Esquire Financial Holdings, Inc. Reports First Quarter 2021 Results

  • 04/26/2021

Esquire Financial Holdings, Inc. (NASDAQ: ESQ), the financial holding company for Esquire Bank, National Association, today announced its operating results for the first quarter of 2021. Significant achievements during the current quarter when compared to the fourth quarter 2020 (“linked quarter”) include:

  • Net income increased to $4.2 million, or $0.53 per diluted share, as compared to $3.9 million, or $0.51 per diluted share on a linked quarter basis. Net income and diluted earnings per share were $2.6 million and $0.33, respectively, for the first quarter of 2020.
  • Industry-leading returns on average assets and common equity of 1.81% and 13.30%, respectively, as compared to 1.70% and 12.54% on a linked quarter basis while maintaining a strong net interest margin of 4.50%.
  • Total assets increased $61.6 million, or 27% annualized, to $998.3 million on a linked quarter basis.
  • Deposits increased $55.6 million, or 28% annualized, to $859.7 million on a linked quarter basis, primarily driven by commercial deposits, with a cost of funds of 0.10% (including demand deposits). Demand deposits, totaling $408.4 million, represent 48% of total deposits while off-balance sheet sweep funds totaled $515 million at quarter-end, demonstrating the continued strength of our branchless business model.
  • Loans increased $30.4 million, or 18% annualized, to $702.9 million on a linked quarter basis and $112.5 million, or 19%, from the first quarter of 2020 primarily due to growth in our commercial and multifamily loan portfolios.
  • Payment processing (merchant) fee income increased 17.5% to $5.4 million on a linked quarter basis as we continued to expand merchant relationships and processing volumes. Total non-interest income represented 35% of total revenue in the current quarter. Excluding independent sales organization (“ISO”) early termination fees totaling $500 thousand in the current quarter, payment processing fee income increased 6.5% on a linked quarter basis and represented 32% of total revenue.
  • Continued solid asset quality metrics with nonperforming loans to total loans of 0.43% and a reserve for loan losses to total loans of 1.88% as we prudently increased our provision for loan losses, partially offset by the effects of our ISO early termination fees. Excluding SBA guaranteed PPP loans totaling $31.7 million, our reserve for loan losses to total loans was 1.96%.
  • We recently signed an exclusive agreement with InComm Payments, a global leading payments technology company, to offer prepaid card services under the Serve® brand for Social Security Disability Insurance (“SSDI”) payments, offering the Serve® Card issued by American Express. InComm became the exclusive distributor of American Express’s prepaid reloadable cards when they acquired the Serve® technology platform in 2018.
  • We recently launched our innovative digital technologies to support seamless communication in our national verticals, significantly enhancing our multimedia digital marketing capabilities, as well as streamlining our online functionality and associated application processes.
  • Esquire Bank remains well above the bank regulatory “Well Capitalized” standards.

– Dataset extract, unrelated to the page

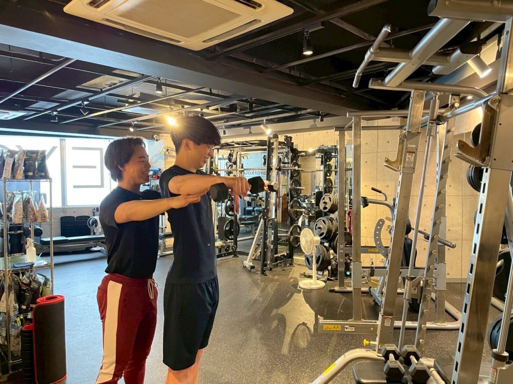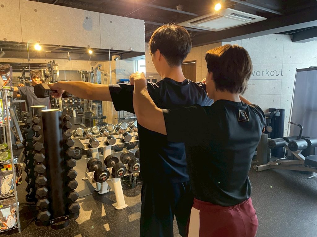 肩のトレーニングでは、ダンベルを使って肩を鍛えました。トレーナーが「ここで肩が上がらないように!」と指導してくれるおかげで、正しいフォームでしっかりトレーニングを行うことができました。
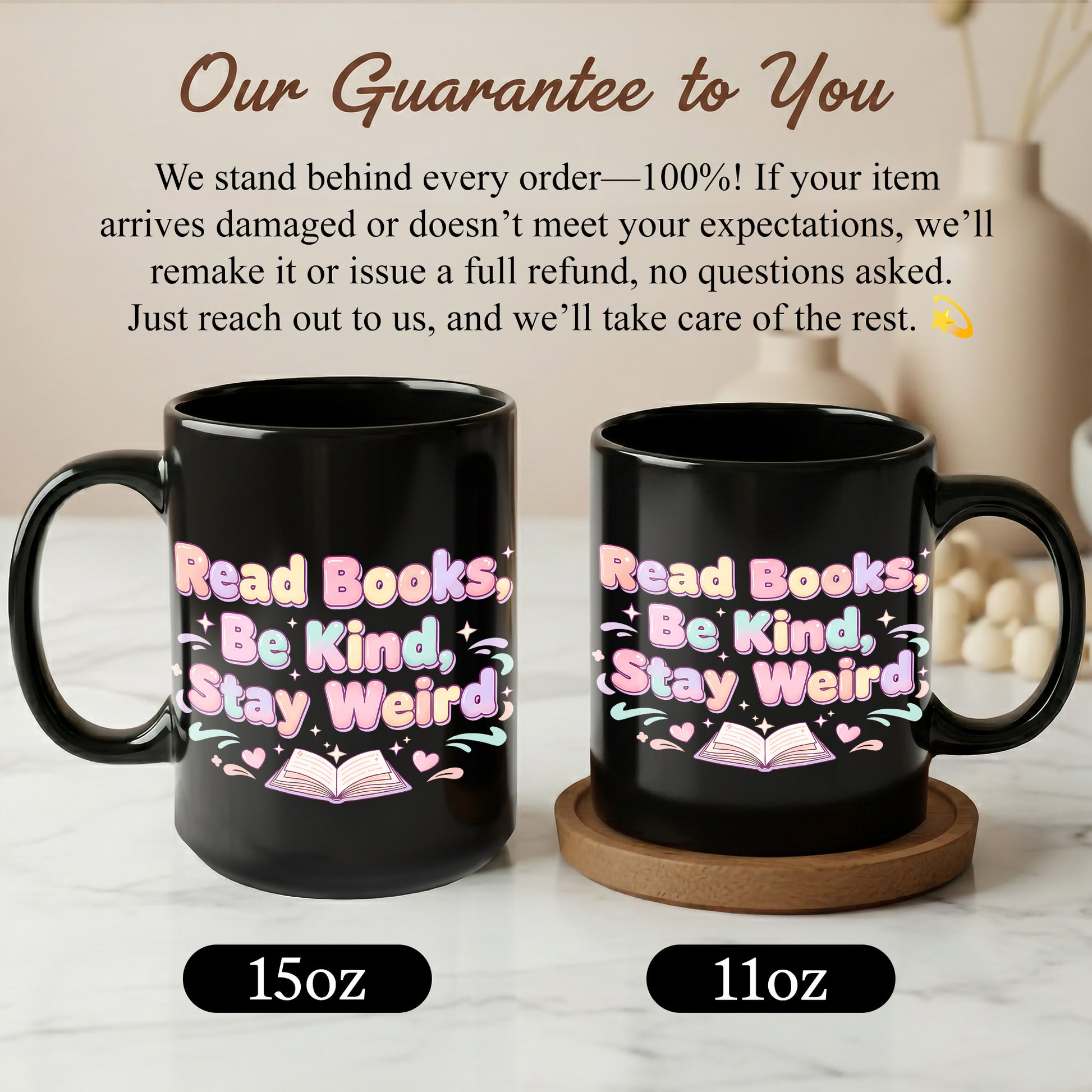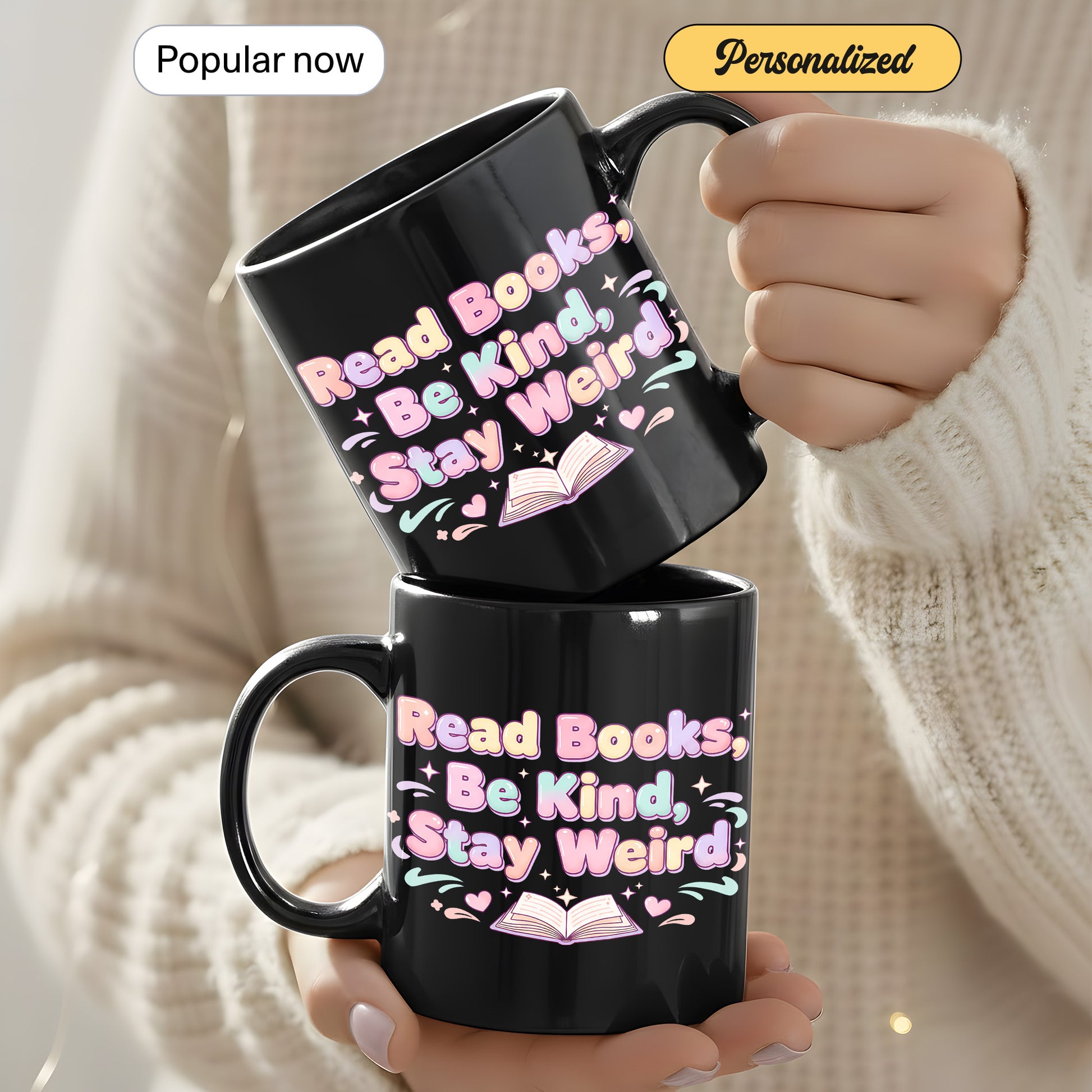 👉 Order your “Read Books Be Kind Stay Weird” mug today and add a dose of positivity and literary charm to every sip!

“We continue to innovate and evolve, recently coupling our unique business verticals with our exclusive InComm prepaid card offering in the SSDI claimant space,” stated Tony Coelho, Chairman of the Board. “This agreement represents a clear entry point for our Company to offer the litigation market financial solutions for the underserved consumers in SSDI settlements.”

“Leveraging our recently deployed digital assets, we now reach more potential clients over a single week than we previously reached over any given year,” stated Andrew C. Sagliocca, President and Chief Executive Officer. “Our thought leadership and digital innovation in both the litigation and payment processing verticals will continue to revolutionize our Company, transforming us into a leading financial and technology provider in both market verticals on a national basis.”